Looking at ‘top’ in the SSH session, it was clear that the CPU was the culprit, capping out at 100% throughout the entire operation before dropping down to <1% once the journal had been updated.

After some trial and error, I found that with the web UI closed, only necessary services running, SSH logged out and no active Windows Explorer sessions open, I could allocate 2TB at a time without it causing a timeout.

The following script can thus be used to create the VHDX at 2TB, expand it to 4TB and then expand it to the desired 5.3TB (the maximum size of the ReadyNAS volume I was using was 5.4TB).

New-VHD -Path "\\192.168.0.100\Backup\Backup.vhdx" –Fixed –SizeBytes 2TB
Resize-VHD –Path "\\192.168.0.100\Backup\Backup.vhdx" –SizeBytes 4TB
Resize-VHD –Path "\\192.168.0.100\Backup\Backup.vhdx" –SizeBytes 5.3TB

Remember, this script is creating a Fixed Size VHDX file. Consequently it is going to pre-zero each sector on the disk instead of performing a constant 12MB zeroing chase at the end of the file. This means that it will take an extremely long time to complete (especially at only ~470Mbps) i.e. over 24 hours! So I suggest that you copy and paste all three lines at once into the PowerShell buffer and walk away. Once it has finished chewing over all three lines, mount the disk, partition it and format it as outlined earlier in the article.

Note: There are a coupe of utilities out on the Internet that can create a fixed size VHDX from free space without performing the zeroing operation. You can save yourself a lot of time using such tools however you should NEVER use them in a production or in a shared environment due to reasons of data safety, privacy and security.

After the allocation of the space in the Journal and during the zeroing process the CPU use remains high, running constantly at 100% with about 20MB of RAM showing as free out of the 256MB total. This proves that the sub 500Mbps cap on the transfer speed is being caused by the CPU and not the disks. You must thus be realistic about the capability of the appliance or pay for more robust, more capable hardware.

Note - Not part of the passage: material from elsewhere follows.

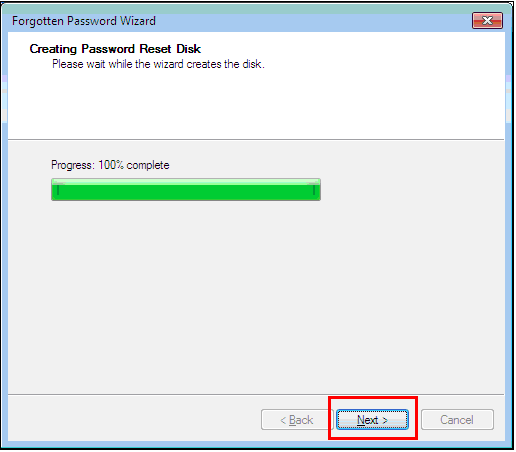 Step 5.Wait for the system to create the password reset disk on the selected USB drive. Once the process is finished, click"Next".

You can technically also disable journalling on the volume using SSH, however you must ensure that you have a UPS wired into the NAS and the UPS can perform a controlled shutdown of the NAS if you try and use it. I elected not to do this.

tune4fs -O ^has_journal /dev/sda0
e4fsck –f /dev/sda0
sudo reboot

Final Results

If you have read this and the Jumbo Frames article on the ReadyNAS Duo v2, I am sure that you might be interested to hear what the cumulative impact of all of the performance tweaks and optimisation’s was.

With write caching enabled on both the NAS and the Windows Server and buffer flushing disabled on Windows Server, plus all of the other tweaks listed, backup throughput rose to a fairly consistent 560Mbps – 590Mbps with bursts up to 638Mbps. That equates to 70MB/s – 73.75MB/s and 79.75MB/s at burst. While nowhere near the capability of the drives themselves, it is at least now tantalisingly close to the benchmark value for the drives random write performance test and network write performance is nearly 200Mbps faster.

Performing the backup job (which without any optimisation’s on a Dynamic VHDX took 23 hours and 2 minutes) with all optimisation’s enabled – and actually a significantly larger workload due to the addition of VM state backups in the job – took some 16 and 47 minutes. A considerable improvement! That works out at around 200GB per hour.

Most importantly, when the job ran again the next evening, it took less than 30 minutes thanks to it only having to backup file differences.

So why is this? It is predominantly related to the fixed size VHDX file. The higher throughput is being achieved because the ReadyNAS CPU is sitting at around 5% – 30% idle during the ~600Mbps copy. The Linux file system sees the write process as constituting changes that are internal to the VHDX file and the file itself isn’t growing, therefore the file system driver on the NAS has significantly less work to do. It is instead NTFS on the backup server that is processing the MFT updates into the file allocation table of the VHDX completely transparently to the NAS. This means that the CPU work has been transferred to the backup server, resulting in a performance increase (and a slightly cooler, less power consuming NAS).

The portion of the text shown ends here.